───── Data under study
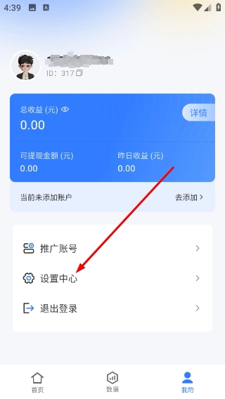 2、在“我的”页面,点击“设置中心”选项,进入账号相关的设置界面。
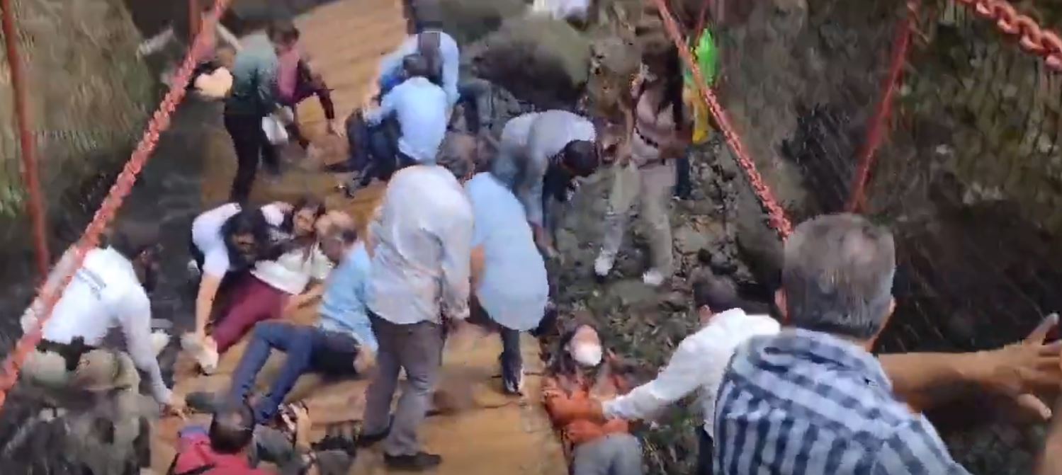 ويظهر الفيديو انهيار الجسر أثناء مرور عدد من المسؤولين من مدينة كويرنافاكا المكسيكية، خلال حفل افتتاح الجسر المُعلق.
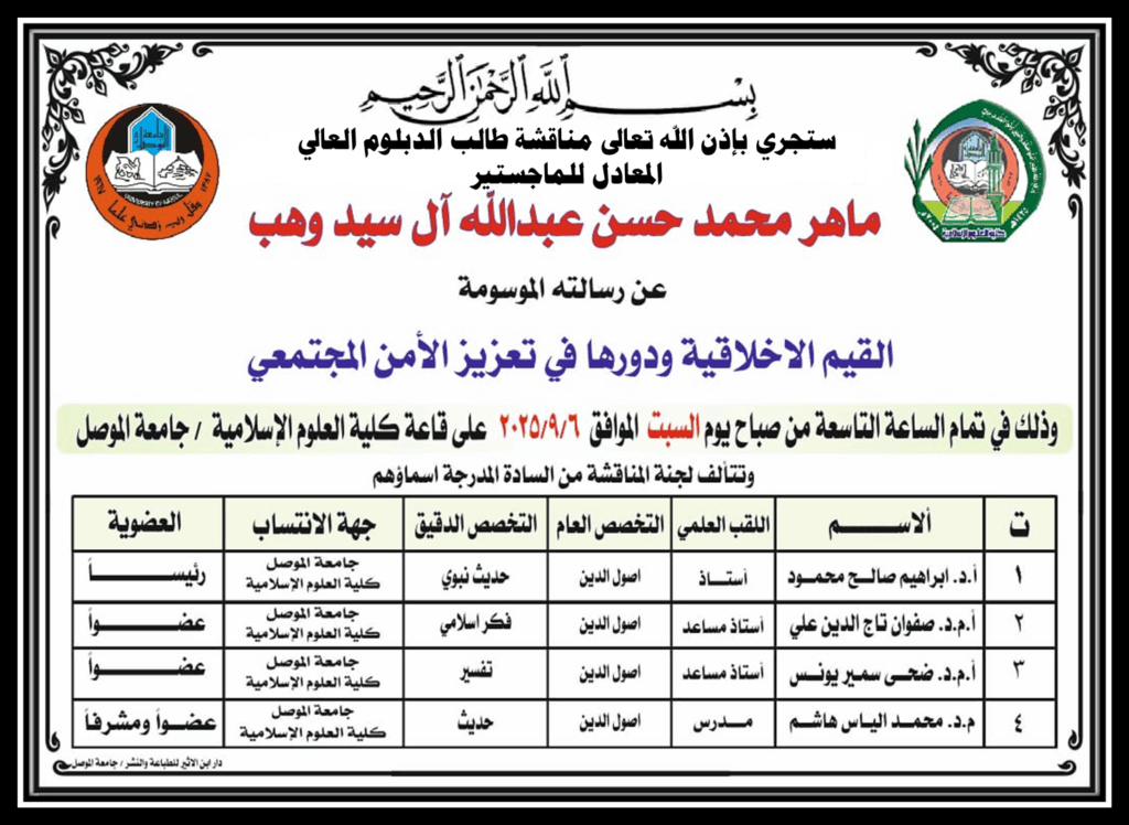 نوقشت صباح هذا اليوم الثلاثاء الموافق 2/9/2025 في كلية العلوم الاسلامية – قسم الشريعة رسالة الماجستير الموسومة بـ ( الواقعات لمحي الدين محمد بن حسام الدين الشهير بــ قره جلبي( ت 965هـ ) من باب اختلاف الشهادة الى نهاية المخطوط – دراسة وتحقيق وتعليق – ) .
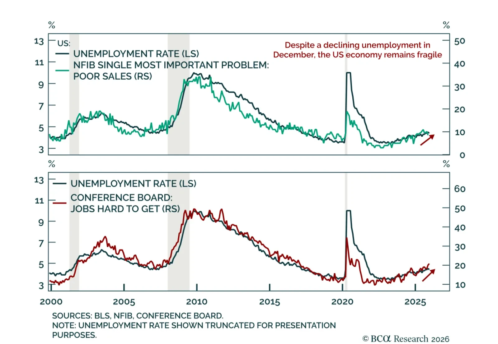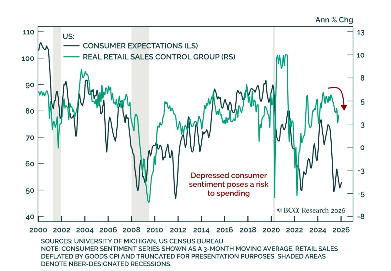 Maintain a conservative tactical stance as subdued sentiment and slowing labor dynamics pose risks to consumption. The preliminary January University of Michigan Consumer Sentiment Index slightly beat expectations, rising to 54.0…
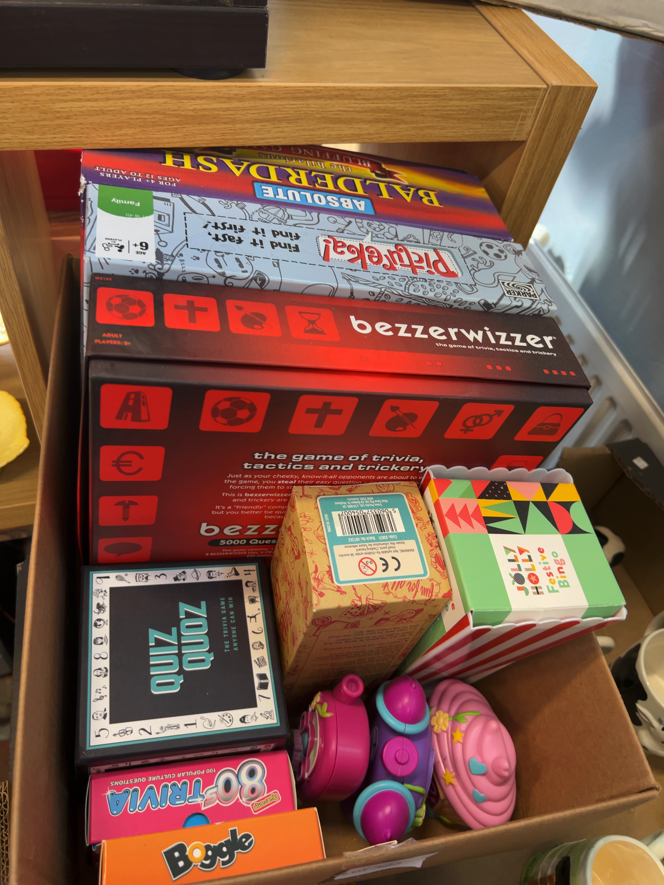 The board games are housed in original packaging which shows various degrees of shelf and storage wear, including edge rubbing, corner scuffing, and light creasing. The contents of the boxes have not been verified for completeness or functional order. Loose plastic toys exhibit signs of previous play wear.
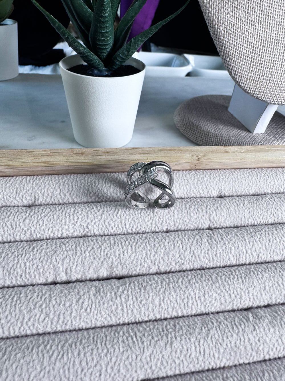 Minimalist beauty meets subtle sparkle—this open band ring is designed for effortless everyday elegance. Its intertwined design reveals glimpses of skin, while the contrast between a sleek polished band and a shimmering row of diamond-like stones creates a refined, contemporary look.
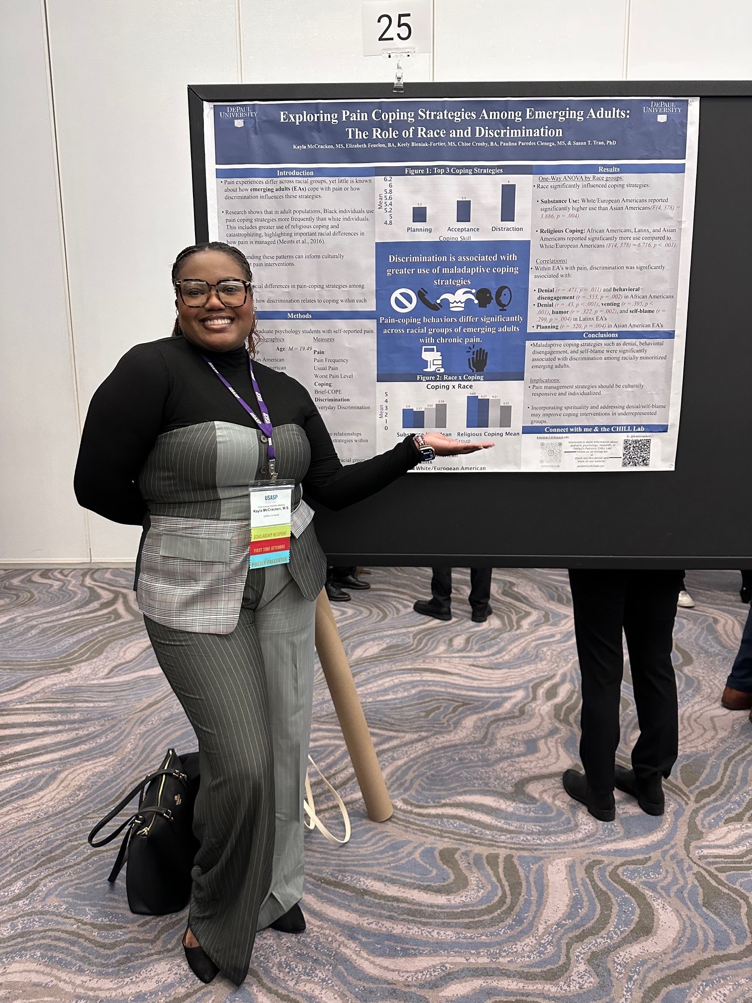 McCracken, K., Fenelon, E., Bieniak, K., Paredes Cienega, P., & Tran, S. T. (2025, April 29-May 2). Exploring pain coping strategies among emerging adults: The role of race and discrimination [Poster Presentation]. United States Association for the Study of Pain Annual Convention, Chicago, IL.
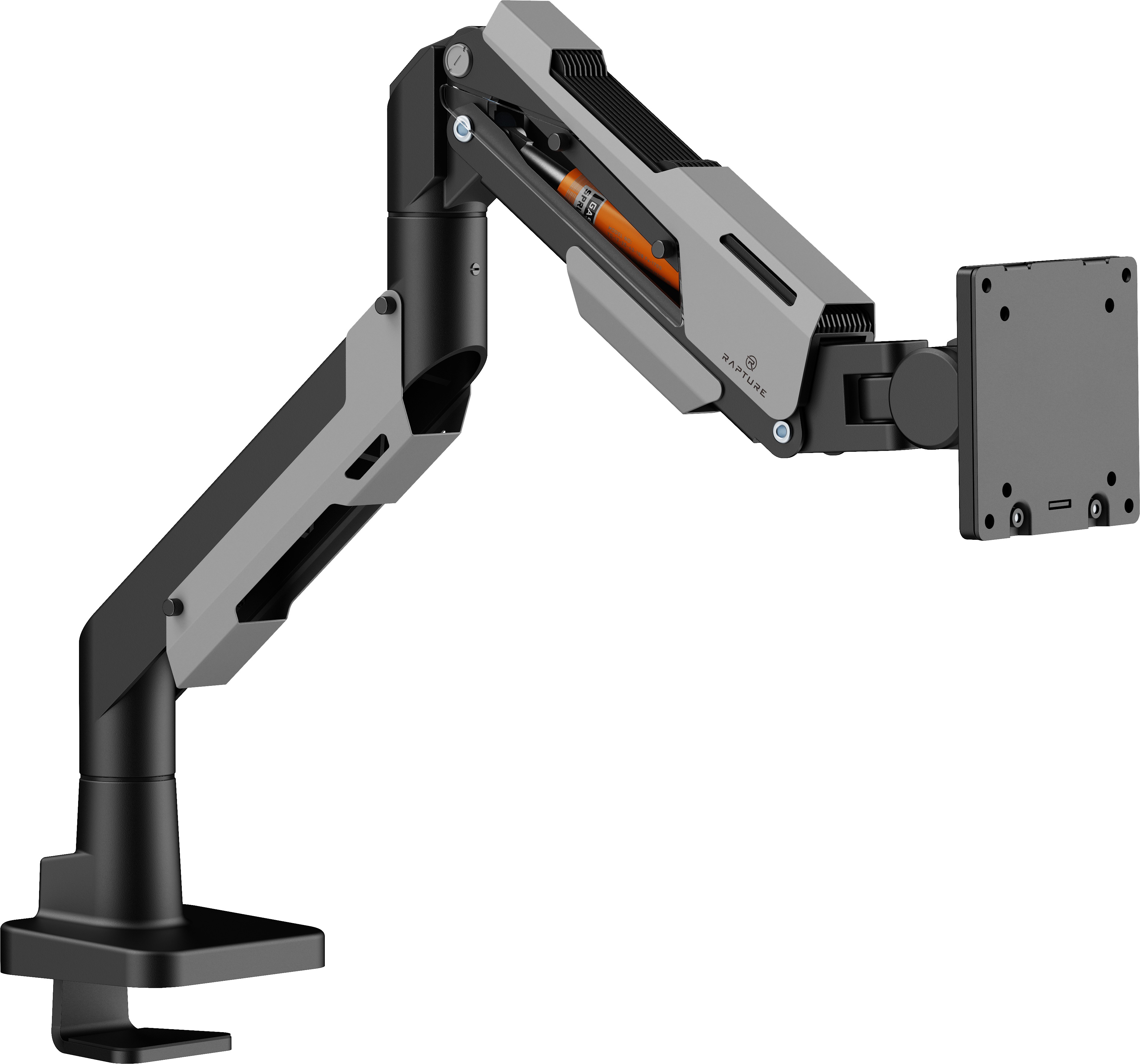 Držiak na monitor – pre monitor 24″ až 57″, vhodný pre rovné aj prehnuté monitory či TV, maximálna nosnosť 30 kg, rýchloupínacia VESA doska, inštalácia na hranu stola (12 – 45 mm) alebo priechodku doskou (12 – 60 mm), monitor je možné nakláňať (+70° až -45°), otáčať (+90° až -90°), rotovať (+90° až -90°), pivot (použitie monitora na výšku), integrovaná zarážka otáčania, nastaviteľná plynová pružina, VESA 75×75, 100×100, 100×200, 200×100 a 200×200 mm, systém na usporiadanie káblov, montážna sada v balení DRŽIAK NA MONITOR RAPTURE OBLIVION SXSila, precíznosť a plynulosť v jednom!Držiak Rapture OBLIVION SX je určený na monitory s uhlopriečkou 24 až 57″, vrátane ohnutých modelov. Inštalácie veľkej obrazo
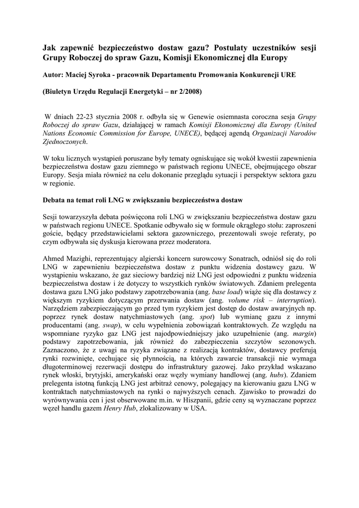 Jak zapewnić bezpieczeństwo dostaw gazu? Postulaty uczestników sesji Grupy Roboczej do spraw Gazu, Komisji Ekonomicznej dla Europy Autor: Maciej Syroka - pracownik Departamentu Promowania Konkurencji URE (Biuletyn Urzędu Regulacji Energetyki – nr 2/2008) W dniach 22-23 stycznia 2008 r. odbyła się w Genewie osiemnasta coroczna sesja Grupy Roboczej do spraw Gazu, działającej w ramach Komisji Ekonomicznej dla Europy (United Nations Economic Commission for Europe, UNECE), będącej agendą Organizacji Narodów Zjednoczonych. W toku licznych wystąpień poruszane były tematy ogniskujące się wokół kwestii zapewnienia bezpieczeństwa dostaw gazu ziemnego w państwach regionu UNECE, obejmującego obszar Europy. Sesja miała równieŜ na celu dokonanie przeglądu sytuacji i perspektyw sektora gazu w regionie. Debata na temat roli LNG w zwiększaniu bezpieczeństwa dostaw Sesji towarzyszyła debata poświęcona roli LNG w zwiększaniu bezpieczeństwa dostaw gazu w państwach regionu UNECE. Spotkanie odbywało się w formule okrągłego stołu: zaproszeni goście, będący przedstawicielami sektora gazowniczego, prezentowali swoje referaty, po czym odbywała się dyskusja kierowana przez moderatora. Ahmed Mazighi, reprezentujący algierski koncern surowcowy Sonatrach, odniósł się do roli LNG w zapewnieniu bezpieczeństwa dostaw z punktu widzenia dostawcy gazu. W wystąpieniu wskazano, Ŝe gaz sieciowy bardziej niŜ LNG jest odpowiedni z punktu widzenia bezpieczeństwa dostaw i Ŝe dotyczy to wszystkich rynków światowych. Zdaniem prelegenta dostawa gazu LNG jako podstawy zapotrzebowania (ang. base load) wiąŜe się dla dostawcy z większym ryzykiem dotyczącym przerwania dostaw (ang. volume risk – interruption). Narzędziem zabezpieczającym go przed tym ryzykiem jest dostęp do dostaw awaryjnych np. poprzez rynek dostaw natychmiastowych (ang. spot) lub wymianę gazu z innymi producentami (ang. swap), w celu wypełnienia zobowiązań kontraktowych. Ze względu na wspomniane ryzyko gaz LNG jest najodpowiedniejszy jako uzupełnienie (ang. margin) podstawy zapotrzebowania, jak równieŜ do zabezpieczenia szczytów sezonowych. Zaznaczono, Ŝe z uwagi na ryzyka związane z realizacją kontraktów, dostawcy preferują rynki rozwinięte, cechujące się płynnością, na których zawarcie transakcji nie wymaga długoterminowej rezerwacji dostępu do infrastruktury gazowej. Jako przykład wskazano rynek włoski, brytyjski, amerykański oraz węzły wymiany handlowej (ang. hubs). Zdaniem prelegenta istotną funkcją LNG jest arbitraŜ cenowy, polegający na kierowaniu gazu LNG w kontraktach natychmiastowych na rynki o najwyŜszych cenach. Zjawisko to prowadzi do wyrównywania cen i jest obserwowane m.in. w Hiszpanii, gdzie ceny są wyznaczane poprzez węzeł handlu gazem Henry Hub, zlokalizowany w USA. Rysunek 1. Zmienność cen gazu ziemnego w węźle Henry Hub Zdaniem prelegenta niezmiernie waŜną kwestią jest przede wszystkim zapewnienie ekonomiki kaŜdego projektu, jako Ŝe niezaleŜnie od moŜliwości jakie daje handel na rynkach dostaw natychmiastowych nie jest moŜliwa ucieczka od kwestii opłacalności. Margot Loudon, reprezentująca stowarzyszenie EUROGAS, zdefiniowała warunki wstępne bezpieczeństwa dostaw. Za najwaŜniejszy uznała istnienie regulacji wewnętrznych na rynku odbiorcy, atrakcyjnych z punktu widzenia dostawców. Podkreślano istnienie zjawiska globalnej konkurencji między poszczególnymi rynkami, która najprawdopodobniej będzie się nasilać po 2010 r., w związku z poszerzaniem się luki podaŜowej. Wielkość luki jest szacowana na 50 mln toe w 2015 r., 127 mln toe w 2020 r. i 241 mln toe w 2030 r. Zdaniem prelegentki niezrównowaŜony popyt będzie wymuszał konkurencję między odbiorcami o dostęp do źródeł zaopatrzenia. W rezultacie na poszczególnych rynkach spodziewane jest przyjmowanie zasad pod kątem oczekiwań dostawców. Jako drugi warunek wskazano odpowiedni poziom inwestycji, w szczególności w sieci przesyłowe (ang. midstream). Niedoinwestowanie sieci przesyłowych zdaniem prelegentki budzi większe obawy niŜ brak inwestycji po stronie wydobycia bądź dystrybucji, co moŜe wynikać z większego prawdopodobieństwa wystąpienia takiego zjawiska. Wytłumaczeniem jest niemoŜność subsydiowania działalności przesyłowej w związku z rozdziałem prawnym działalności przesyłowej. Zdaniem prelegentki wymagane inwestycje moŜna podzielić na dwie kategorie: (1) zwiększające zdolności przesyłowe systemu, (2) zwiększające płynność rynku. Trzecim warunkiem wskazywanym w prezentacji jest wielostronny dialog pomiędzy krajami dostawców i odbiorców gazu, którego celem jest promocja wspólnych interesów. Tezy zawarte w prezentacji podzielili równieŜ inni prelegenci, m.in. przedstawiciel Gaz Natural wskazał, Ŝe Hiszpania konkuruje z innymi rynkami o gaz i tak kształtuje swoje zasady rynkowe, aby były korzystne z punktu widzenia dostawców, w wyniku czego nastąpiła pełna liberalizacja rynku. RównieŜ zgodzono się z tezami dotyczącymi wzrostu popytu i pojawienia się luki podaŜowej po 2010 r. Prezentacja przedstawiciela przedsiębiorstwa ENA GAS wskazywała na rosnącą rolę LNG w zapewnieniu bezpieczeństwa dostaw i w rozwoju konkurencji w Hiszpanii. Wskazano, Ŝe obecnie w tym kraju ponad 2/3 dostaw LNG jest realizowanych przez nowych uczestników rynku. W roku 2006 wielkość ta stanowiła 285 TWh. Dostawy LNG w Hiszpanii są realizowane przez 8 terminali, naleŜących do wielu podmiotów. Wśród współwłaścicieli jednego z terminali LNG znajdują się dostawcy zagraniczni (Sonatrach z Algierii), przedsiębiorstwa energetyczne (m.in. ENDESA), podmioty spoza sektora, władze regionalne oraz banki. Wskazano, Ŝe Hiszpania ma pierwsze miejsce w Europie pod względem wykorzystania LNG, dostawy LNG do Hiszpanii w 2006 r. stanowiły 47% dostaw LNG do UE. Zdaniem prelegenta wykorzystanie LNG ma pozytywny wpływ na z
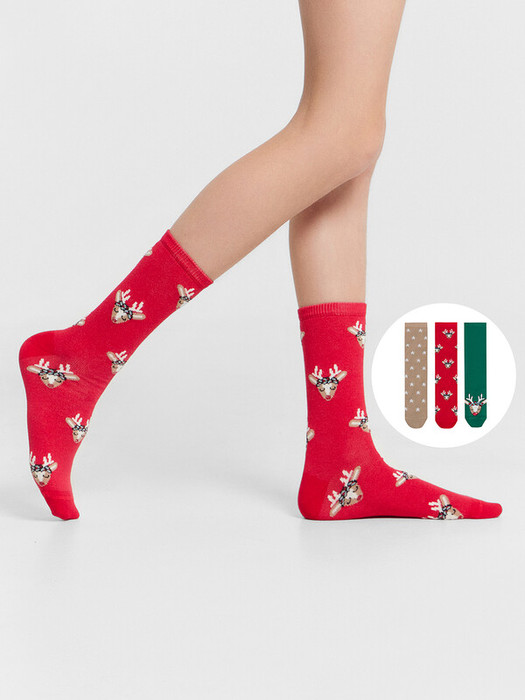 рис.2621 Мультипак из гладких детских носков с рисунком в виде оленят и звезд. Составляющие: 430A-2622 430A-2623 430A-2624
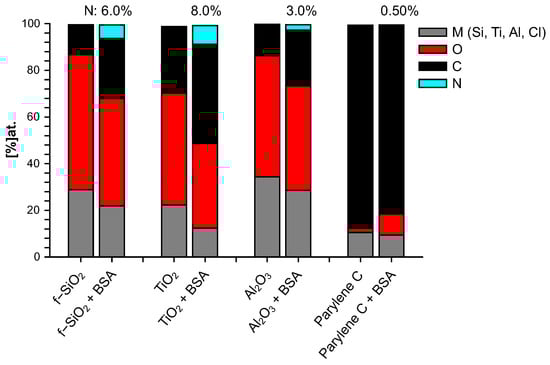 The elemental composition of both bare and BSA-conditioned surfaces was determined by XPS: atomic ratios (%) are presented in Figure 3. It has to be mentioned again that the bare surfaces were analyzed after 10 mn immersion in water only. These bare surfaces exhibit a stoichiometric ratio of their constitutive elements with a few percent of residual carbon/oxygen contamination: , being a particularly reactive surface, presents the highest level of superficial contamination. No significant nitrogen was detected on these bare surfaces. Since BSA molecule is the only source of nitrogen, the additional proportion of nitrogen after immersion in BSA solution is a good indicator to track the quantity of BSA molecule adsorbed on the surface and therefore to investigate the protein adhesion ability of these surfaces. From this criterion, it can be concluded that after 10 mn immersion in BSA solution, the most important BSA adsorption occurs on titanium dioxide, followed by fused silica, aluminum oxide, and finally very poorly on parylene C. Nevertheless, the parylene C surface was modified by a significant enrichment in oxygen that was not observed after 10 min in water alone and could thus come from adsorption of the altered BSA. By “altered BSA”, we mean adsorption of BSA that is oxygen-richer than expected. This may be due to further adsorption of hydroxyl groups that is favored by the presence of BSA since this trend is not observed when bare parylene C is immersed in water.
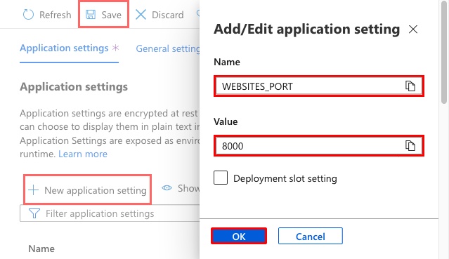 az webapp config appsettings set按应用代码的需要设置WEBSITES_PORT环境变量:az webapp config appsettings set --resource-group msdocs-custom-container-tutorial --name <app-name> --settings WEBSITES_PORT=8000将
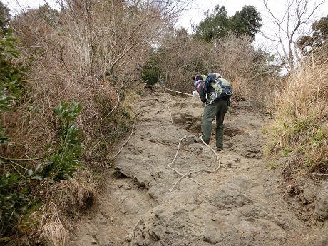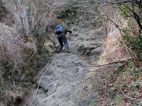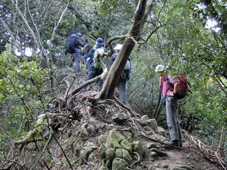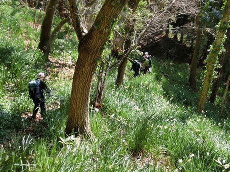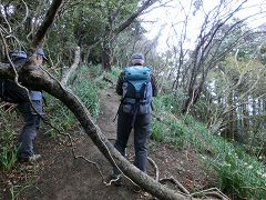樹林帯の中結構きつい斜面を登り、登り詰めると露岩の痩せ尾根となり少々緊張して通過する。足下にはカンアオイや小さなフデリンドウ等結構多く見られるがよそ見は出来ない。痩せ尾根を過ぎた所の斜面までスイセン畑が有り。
──────────
◆ Exercise description: Leaving aside every picture, transcribe exactly the lines that run from the one with "az webapp config appsettings set按应用代码的需要设置WEBSITES_PORT环境变量:az" to the close of the listing above.

◆ Exercise response:
 az webapp config appsettings set按应用代码的需要设置WEBSITES_PORT环境变量:az webapp config appsettings set --resource-group msdocs-custom-container-tutorial --name <app-name> --settings WEBSITES_PORT=8000将
樹林帯の中結構きつい斜面を登り、登り詰めると露岩の痩せ尾根となり少々緊張して通過する。足下にはカンアオイや小さなフデリンドウ等結構多く見られるがよそ見は出来ない。痩せ尾根を過ぎた所の斜面までスイセン畑が有り。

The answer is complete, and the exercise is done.